La promesa central de Andrés Manuel López Obrador era –y sigue siendo– diferente. López Obrador no buscaba eficacia o resultados específicos en el ejercicio de gobierno sino una refundación moral de la vida pública mexicana. Durante toda su vida política esa ha sido la naturaleza de su indignación. A López Obrador no le indigna primordialmente el rumbo de la economía, los resultados de las pruebas educativas o las estadísticas de la pobreza. Le indigna la corrupción, el cinismo y el privilegio. Sus reparos nunca han sido pragmáticos. Han sido morales.
Este objetivo explícito de “regeneración nacional” del país condiciona necesariamente la evaluación de las decisiones del sexenio. Al gobierno lopezobradorista no se le puede juzgar solo desde las cifras. Sus decisiones deben pasar por el tamiz moral que el propio López Obrador impuso como parámetro de su lugar en la historia mexicana. Fue él quien insistió en que las consideraciones pragmáticas del Estado no podían supeditarse a la necesidad de la renovación moral. “No somos iguales”, dijo.
En la recta final del sexenio, y con el primer juicio de la historia ya a la mano, vale la pena la evaluación. ¿Ha estado López Obrador a la altura de ese compromiso central de renovación moral?
La respuesta es no.
Pienso en la migración. Por años, López Obrador prometió un enfoque humanista en la política migratoria de México. Se rodeó de activistas compasivos, como Alejandro Solalinde. Prometió defender el derecho a buscar la vida en otra parte. Y, por supuesto, se indignó activamente ante el atropello reiterado que hiciera Donald Trump de la comunidad mexicana en Estados Unidos. El acomodo de Peña Nieto frente a Trump, que algunos interpretaron como un gesto pragmático, le horrorizó.
Eso sostenía el López Obrador líder opositor. En la Presidencia, el viraje ha resultado dramático. El gobierno no solo no mejoró sustancialmente la capacidad de atención a los migrantes y la infraestructura de refugio del país. En algunos casos, hizo lo contrario. Recortó, por ejemplo, apoyos federales a los albergues fronterizos tan fundamentales en la protección de grupos de inmigrantes. Luego fue más allá. Reiteró la apuesta por la estrategia punitiva y la sumisión al trumpismo que tanto le había criticado a Peña Nieto.
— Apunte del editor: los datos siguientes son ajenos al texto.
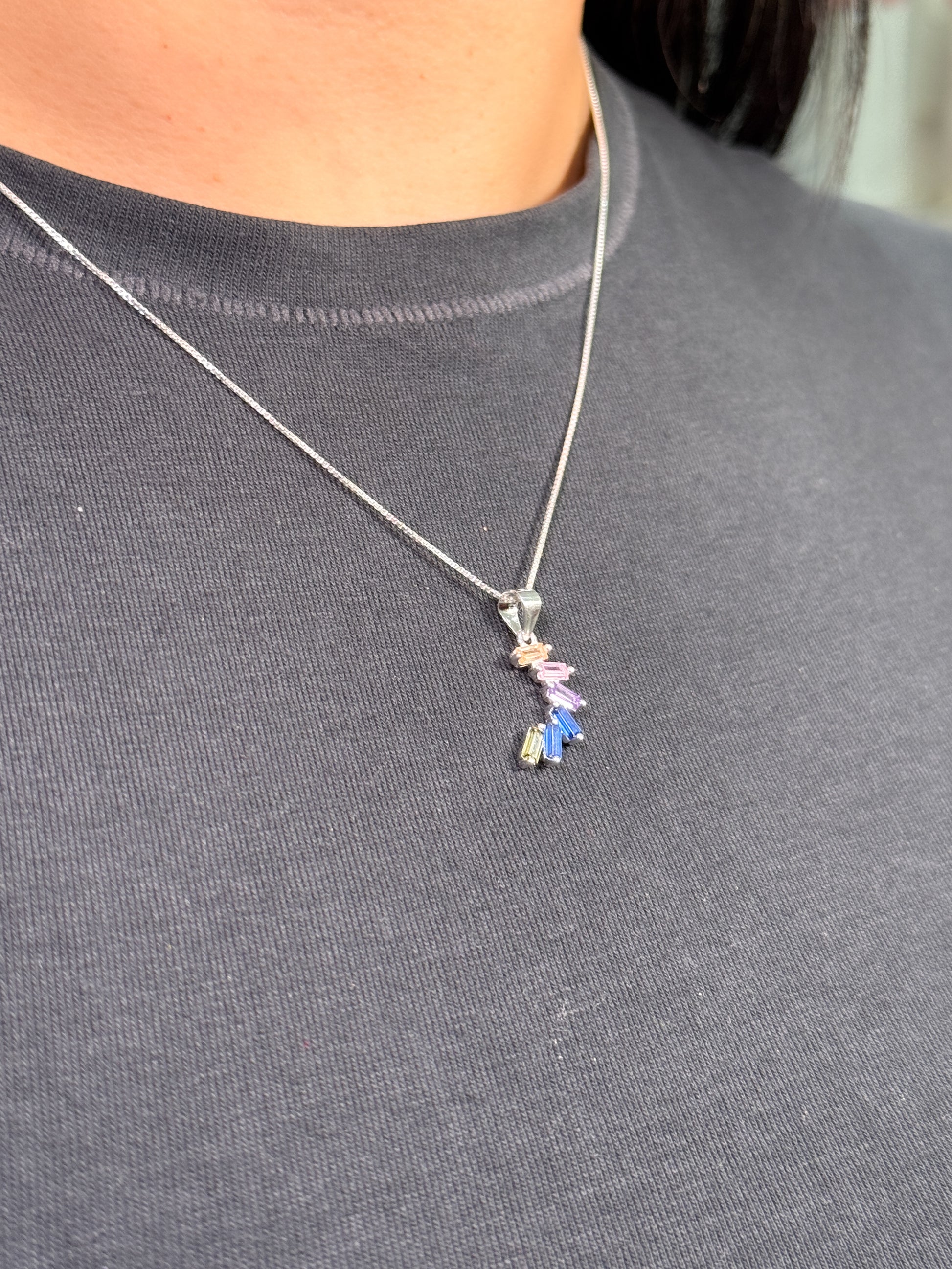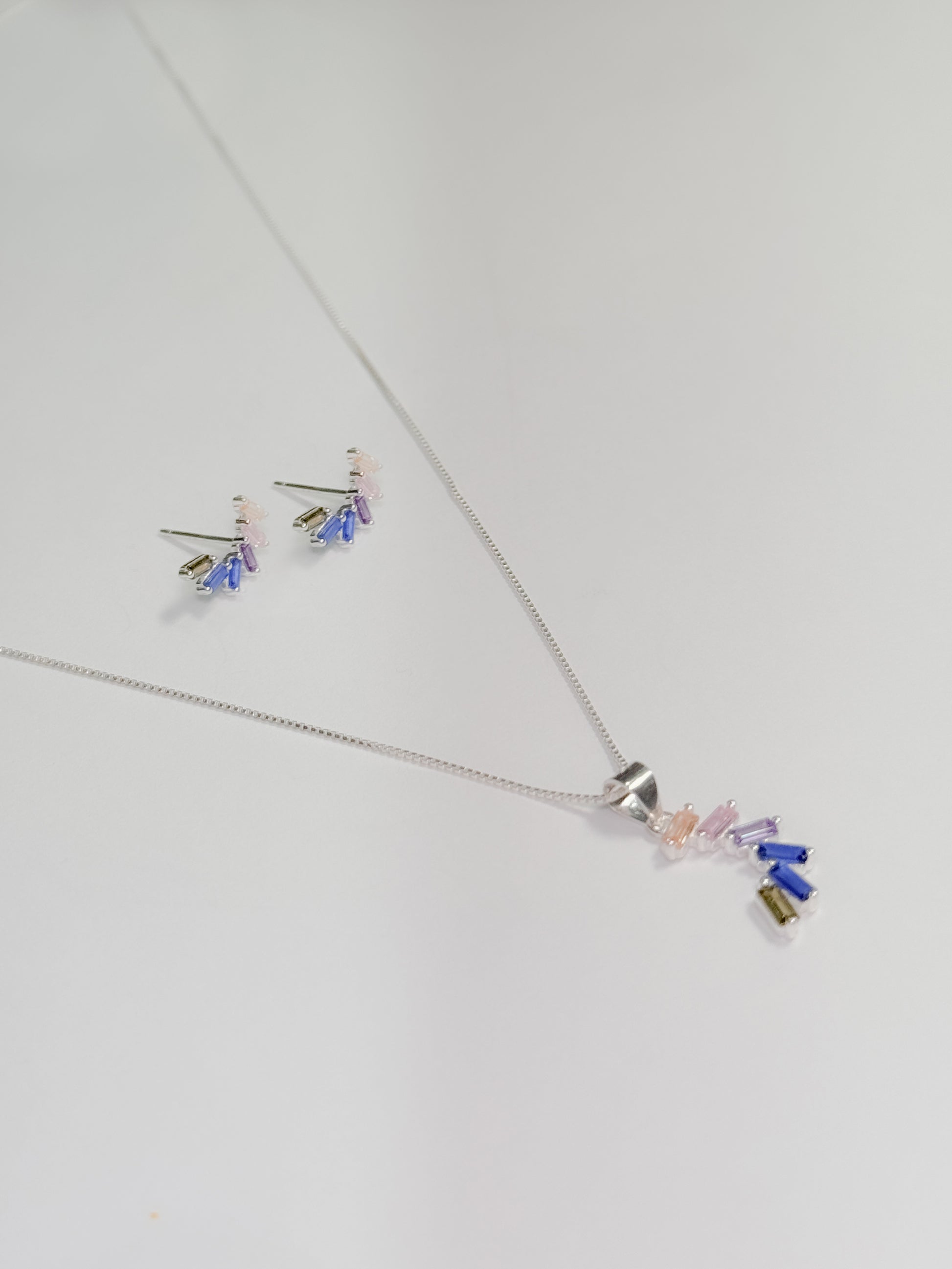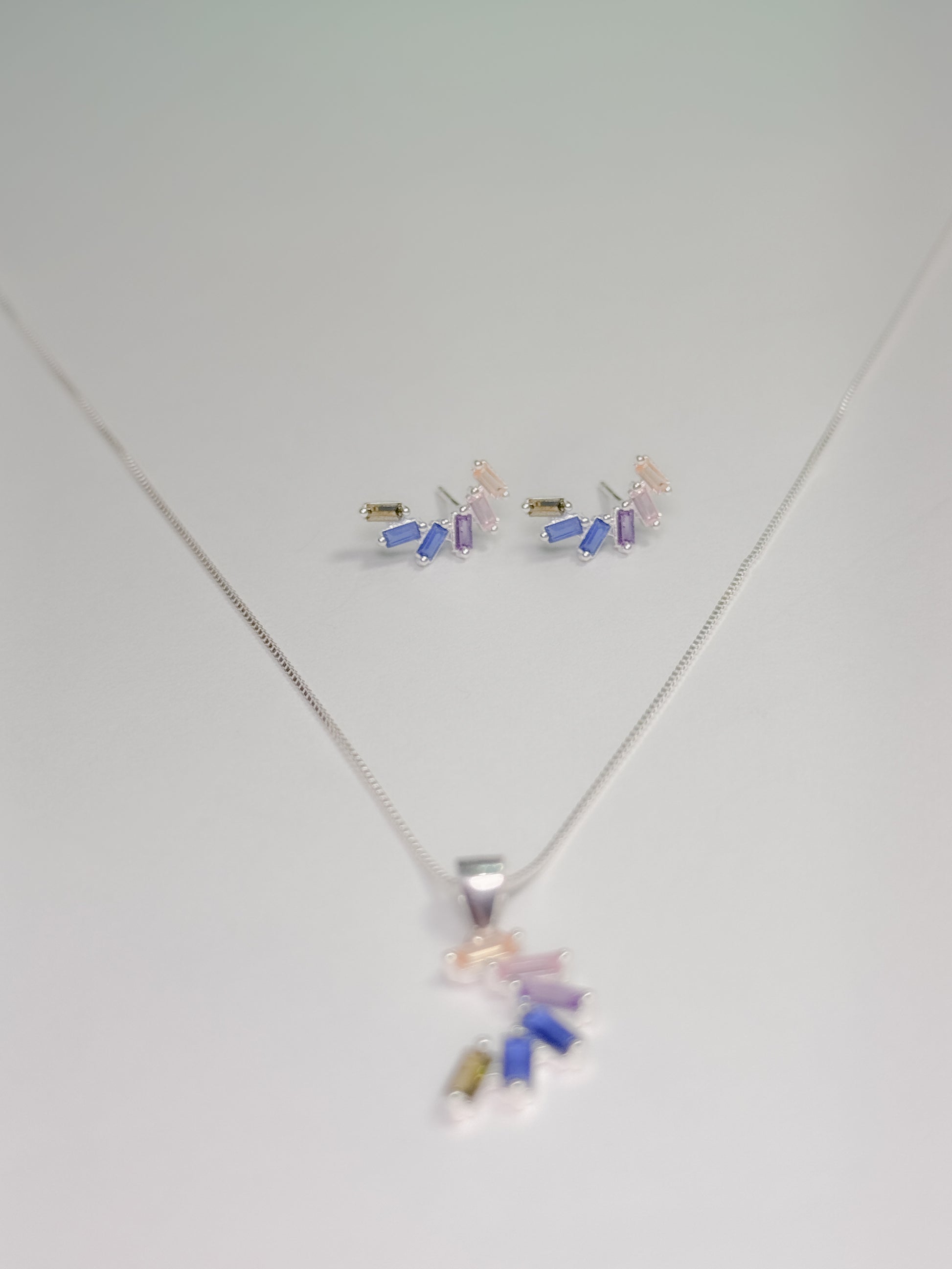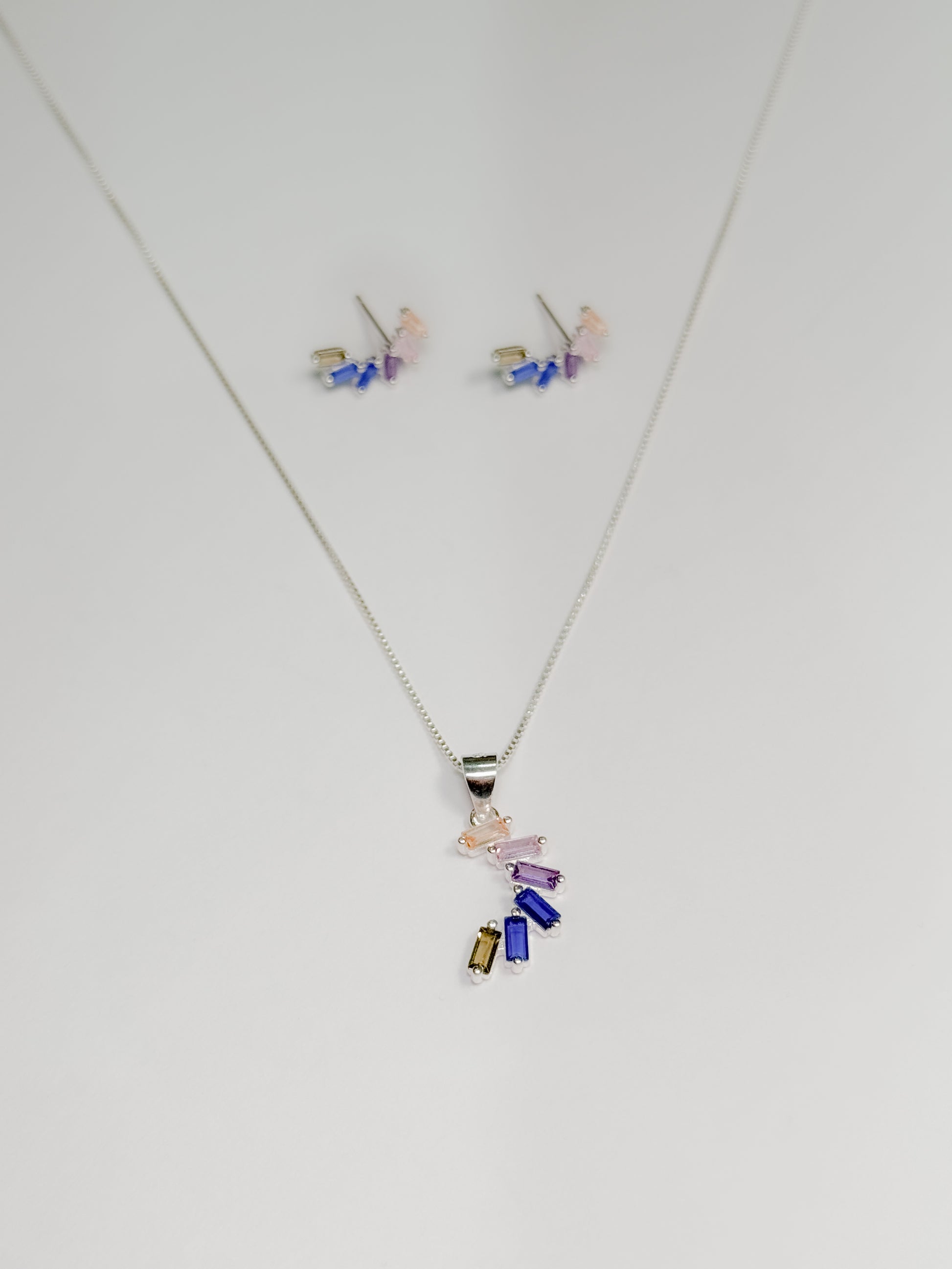 Juego en plata ley 925 con dije en piedras baguette multicolor (collar+cadena+topos)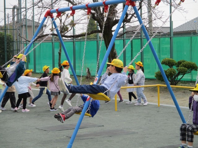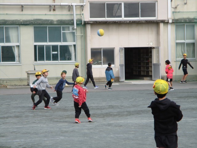 休み時間は、元気に外遊び。最近鬼ごっこが流行っています。はないちもんめをしている1年生もいました。

Hay quien sugiere que las concesiones a Estados Unidos son muestra del acercamiento pragmático que, incluso contra sus mejores intenciones, tiende a suplantar el idealismo de quien descubre, ya en el gobierno, el costo de oportunidad de tomar decisiones desde los principios antes que los intereses más fríos. De pronto, ese parece ser el argumento reciente del gobierno: ¿qué son 70 mil migrantes expuestos a la extorsión, el secuestro, la esclavitud sexual y la violencia si logramos evitar supuestos aranceles?
Pero a López Obrador y su equipo no se le puede otorgar la indulgencia del pragmatismo. Y no se le puede otorgar porque él mismo insistió en que gobernaría desde otro estrato moral. Muchas veces sugirió que, en cuanto a migración, ningún argumento podía estar por encima de la dignidad de los migrantes. Por desgracia, cuando de verdad tuvo que tomar decisiones, traicionó sus principios.
Lo mismo ha ocurrido con varios otros asuntos de la agenda mexicana. López Obrador no superaría su propio estándar moral en el manejo de la pandemia, por ejemplo. No hay manera de sostener la decisión de desamparar a la población en tiempos de crisis. Lo mismo sucede con el abandono en educación. Y lo mismo con su desdén por las instituciones, el andamiaje electoral, las libertades, las artes, la ciencia, la academia, la prensa crítica e incluso su batalla personal más preciada: la lucha contra la corrupción.
En ninguna de esas áreas hay resultados que presumir. Pero hay algo peor. Objetivamente, López Obrador tampoco puede presumir de haber renovado moralmente el andamiaje de la función pública. Lo que ha hecho, en realidad, es utilizarlo para sus propios fines: la persecución del poder.
Era él quien prometía honestidad valiente. Desde ahí habrá que juzgarlo. No ha sido ni lo uno ni lo otro.